Task instructions
Reproduce the records word for word, leaving out any pictures they hold.

▼▼▼

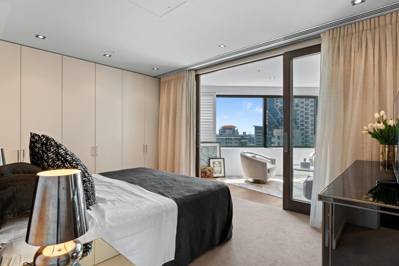 This is not just apartment living, it is a grand home in the sky. Spanning approximately 209m and capturing sweeping city views across the Auckland Harbour and Albert Park, this residence is truly something special. Entertain in style from the renovated chefs kitchen, complete with a full built-in pantry, double-door fridge, and a dedicated wine fridge. Thoughtfully designed throughout, the adjoining sunroom frames harbour views and invites natural light to flood the space for that morning sun soaked coffee. Fall in love with the expansive master suite, featuring full built-in wardrobes and a vast ensuite with separate bath and shower, all opening seamlessly onto the resort-style sunroom. Complementing this impressive layout is a separate home media room, ideal as a private cinema, office, or flexible fourth room to suit your lifestyle. A further bedroom enjoys its own ensuite, while the third bedroom is serviced by a full guest bathroom. With a separate laundry and clearly defined living spaces, this home offers both practicality and elegance in equal measure. Live in luxury with luxury amenities such as Infinity-edge pool, jacuzzi, sauna, exceptional gym, ice bath and relaxation lounge access with JW Marriott Hotel. Two secure car parks and two storage lockers complete the package. Pet friendly & on-site professional building management. Positioned within The Residences on Albert, you are placed in a prime central location with metro supermarkets, premium shopping precincts, and the Downtown Ferry and Train Terminal all just moments from your doorstep. Deadline Sale: 4th March 2026, 12:00pm (if not sold prior)
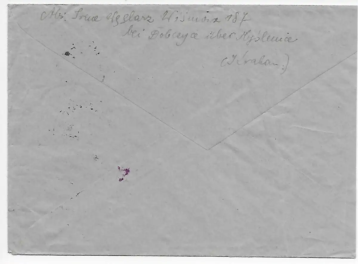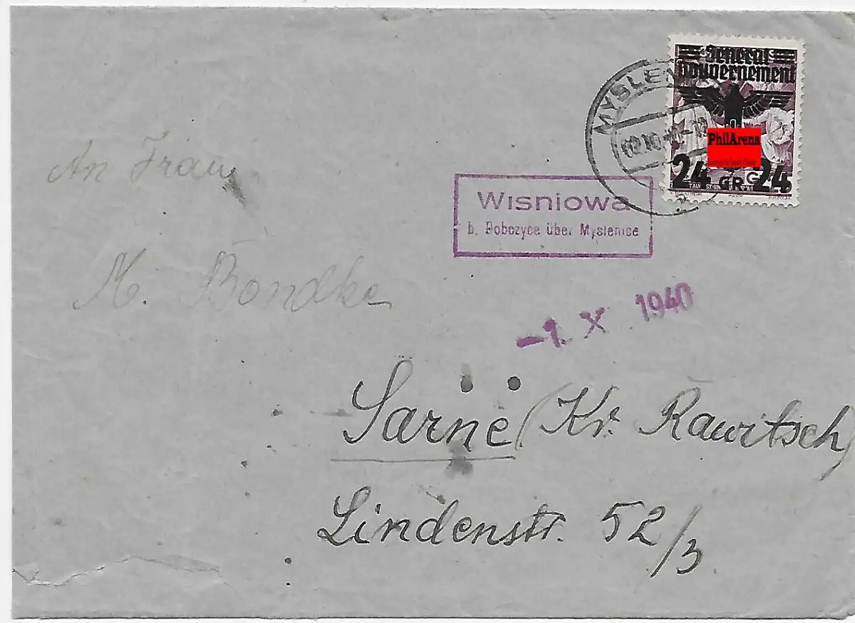 GG: Brief von Myslenice, Postagentur Wisniowa bei Pobocyce nach Sarne 1940
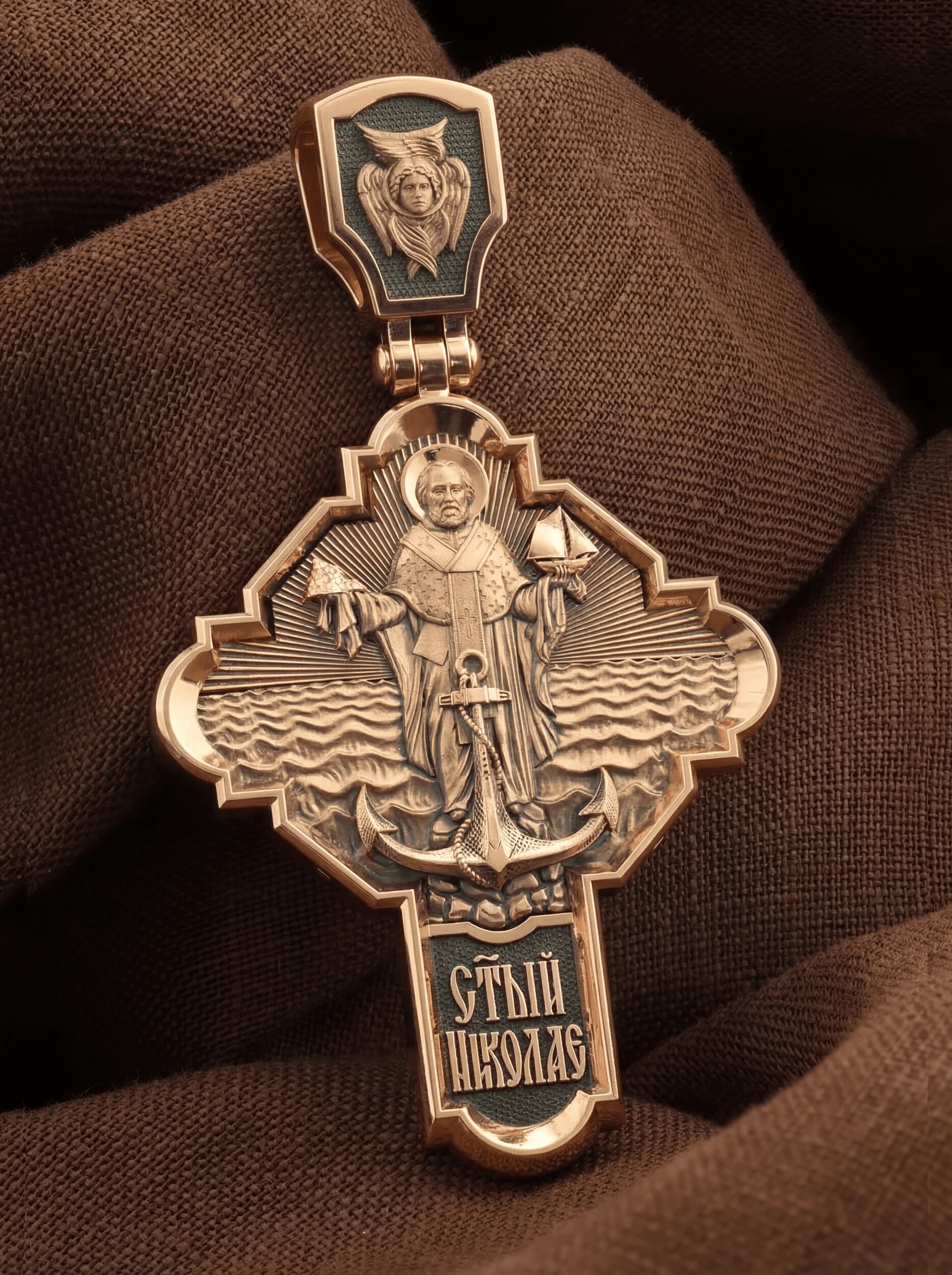 На оборотной стороне креста изображен Святитель Николай архиепископ Мир Ликийских, Чудотворец. Он является одним из самых почитаемых святых в православном мире. Много великих и преславных чудес сотворил на земле и на море великий Святитель Николай Угодник. Он помогал сущим в бедах, укрощал штормы, спасал от потопления и выносил на сушу из глубины морской, освобождал из плена и приносил освобожденных домой, избавлял от уз и темницы, защищал от посечения мечом, освобождал от смерти и подавал многим различные исцеления, слепым прозрение, хромым хождение, глухим слух, немым дар слова. Святитель Николай Чудотворец изображен стоящим в полный рост в лодке. В деснице святой держит мыс Горн, а в левой — корабль. Эта икона была написана путешественником и священником Фёдором Конюховым. Во время одного из своих путешествий, проходя пролив Дрейка, Фёдор, понимая, что выжить в такой бушующей стихии невозможно, стал молиться Святителю Николаю Чудотворцу. Он мысленно пообещал себе: «если пройду мыс Горн, то построю часовню Николаю Чудотворцу»… И в следующий миг, совсем неожиданно — волны утихли. Яхта Конюхова благополучно прошла опасный участок пути. Вернувшись домой, Фёдор Конюхов построил часовню в благодарность за свое спасение.
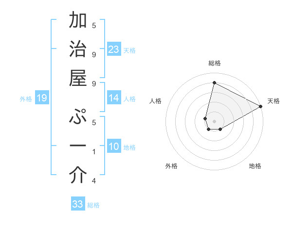加治屋 ぷー介さんを姓名の画数から五運を鑑定
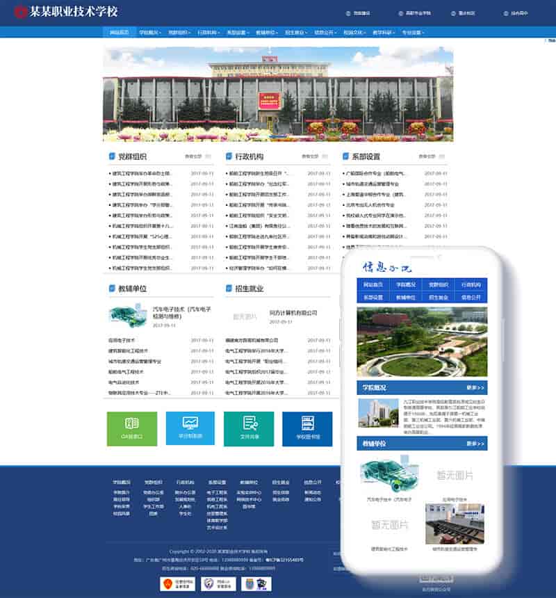 织梦最新内核开发的模板,该模板属于学院、学校、院校类企业都可使用,这款模板使用范围极广,不仅仅局限于一类型的企业,你只需要把图片和产品内容;换成你的,颜色都可以修改,改完让你耳目一新的感觉!自带最新的手机移动端,同一个后台,数据即时同步,简单适用!原创设计、手工书写DIV+CSS,完美兼容IE7+、Firefox、Chrome、360浏览器等;主流浏览器;页面简洁简单,容易管理,DEDE内核都可以使用;附带测试数据!模板特点:
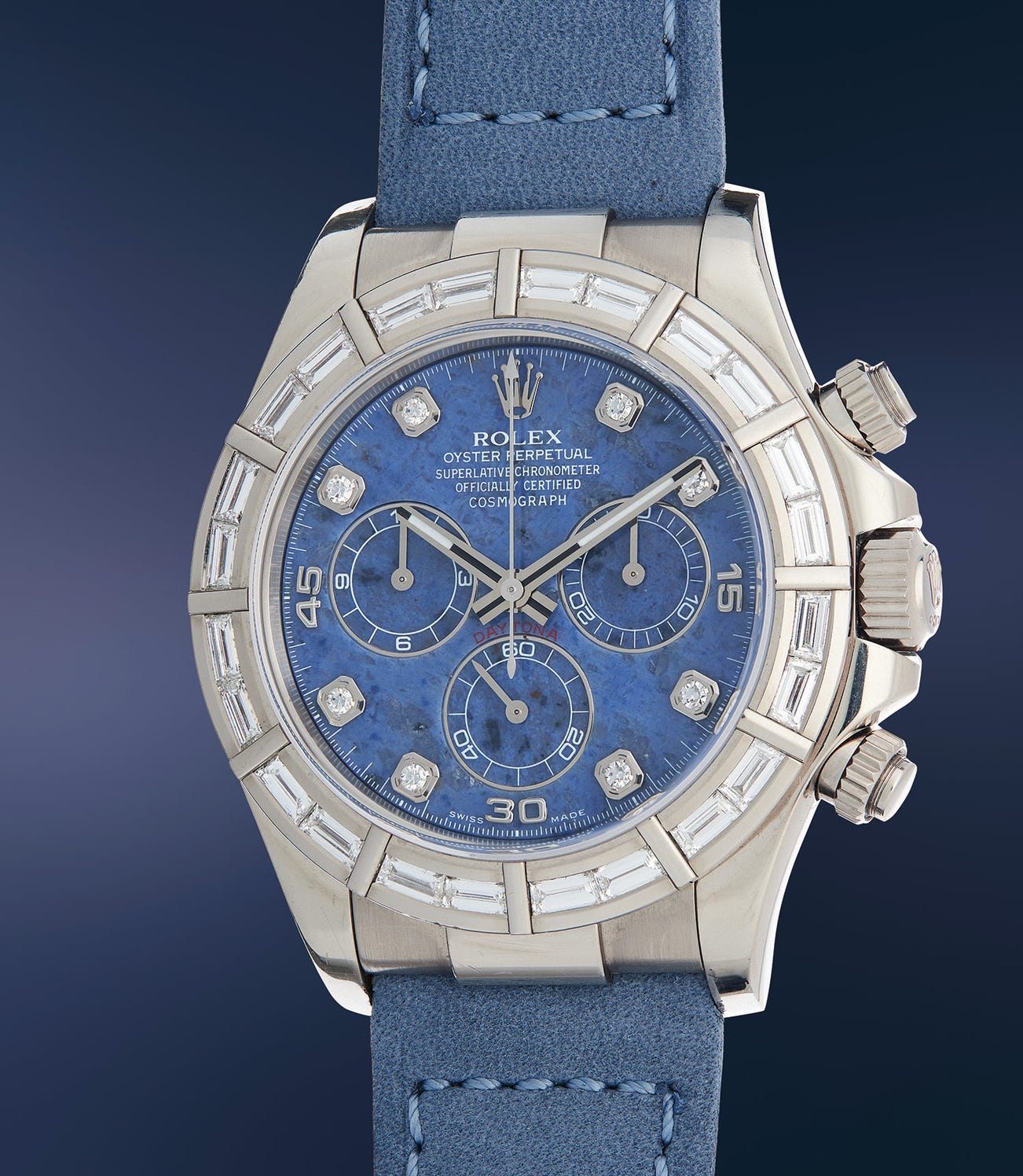 The present pairing of a sodalite dial appointed with diamond hour markers, and a factory baguette diamond bezel, is further accentuated by a perfectly preserved, unpolished case still retaining its caseback sticker. The present Daytona accomplishes extravagance with charm and aplomb - a rare Rolex jewel for its next owner.
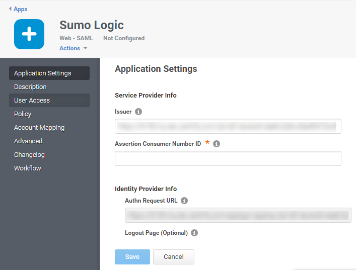 N/A Enter the Assertion Consumer Number ID you received from Sumo Logic. If your Assertion Consumer URL is https://service.sumologic.com/sumo/saml/consume/123456, enter 123456 here. -

▲▲▲

Expected output
 This is not just apartment living, it is a grand home in the sky. Spanning approximately 209m and capturing sweeping city views across the Auckland Harbour and Albert Park, this residence is truly something special. Entertain in style from the renovated chefs kitchen, complete with a full built-in pantry, double-door fridge, and a dedicated wine fridge. Thoughtfully designed throughout, the adjoining sunroom frames harbour views and invites natural light to flood the space for that morning sun soaked coffee. Fall in love with the expansive master suite, featuring full built-in wardrobes and a vast ensuite with separate bath and shower, all opening seamlessly onto the resort-style sunroom. Complementing this impressive layout is a separate home media room, ideal as a private cinema, office, or flexible fourth room to suit your lifestyle. A further bedroom enjoys its own ensuite, while the third bedroom is serviced by a full guest bathroom. With a separate laundry and clearly defined living spaces, this home offers both practicality and elegance in equal measure. Live in luxury with luxury amenities such as Infinity-edge pool, jacuzzi, sauna, exceptional gym, ice bath and relaxation lounge access with JW Marriott Hotel. Two secure car parks and two storage lockers complete the package. Pet friendly & on-site professional building management. Positioned within The Residences on Albert, you are placed in a prime central location with metro supermarkets, premium shopping precincts, and the Downtown Ferry and Train Terminal all just moments from your doorstep. Deadline Sale: 4th March 2026, 12:00pm (if not sold prior)
 GG: Brief von Myslenice, Postagentur Wisniowa bei Pobocyce nach Sarne 1940
 На оборотной стороне креста изображен Святитель Николай архиепископ Мир Ликийских, Чудотворец. Он является одним из самых почитаемых святых в православном мире. Много великих и преславных чудес сотворил на земле и на море великий Святитель Николай Угодник. Он помогал сущим в бедах, укрощал штормы, спасал от потопления и выносил на сушу из глубины морской, освобождал из плена и приносил освобожденных домой, избавлял от уз и темницы, защищал от посечения мечом, освобождал от смерти и подавал многим различные исцеления, слепым прозрение, хромым хождение, глухим слух, немым дар слова. Святитель Николай Чудотворец изображен стоящим в полный рост в лодке. В деснице святой держит мыс Горн, а в левой — корабль. Эта икона была написана путешественником и священником Фёдором Конюховым. Во время одного из своих путешествий, проходя пролив Дрейка, Фёдор, понимая, что выжить в такой бушующей стихии невозможно, стал молиться Святителю Николаю Чудотворцу. Он мысленно пообещал себе: «если пройду мыс Горн, то построю часовню Николаю Чудотворцу»… И в следующий миг, совсем неожиданно — волны утихли. Яхта Конюхова благополучно прошла опасный участок пути. Вернувшись домой, Фёдор Конюхов построил часовню в благодарность за свое спасение.
加治屋 ぷー介さんを姓名の画数から五運を鑑定
 织梦最新内核开发的模板,该模板属于学院、学校、院校类企业都可使用,这款模板使用范围极广,不仅仅局限于一类型的企业,你只需要把图片和产品内容;换成你的,颜色都可以修改,改完让你耳目一新的感觉!自带最新的手机移动端,同一个后台,数据即时同步,简单适用!原创设计、手工书写DIV+CSS,完美兼容IE7+、Firefox、Chrome、360浏览器等;主流浏览器;页面简洁简单,容易管理,DEDE内核都可以使用;附带测试数据!模板特点:
 The present pairing of a sodalite dial appointed with diamond hour markers, and a factory baguette diamond bezel, is further accentuated by a perfectly preserved, unpolished case still retaining its caseback sticker. The present Daytona accomplishes extravagance with charm and aplomb - a rare Rolex jewel for its next owner.
 N/A Enter the Assertion Consumer Number ID you received from Sumo Logic. If your Assertion Consumer URL is https://service.sumologic.com/sumo/saml/consume/123456, enter 123456 here. -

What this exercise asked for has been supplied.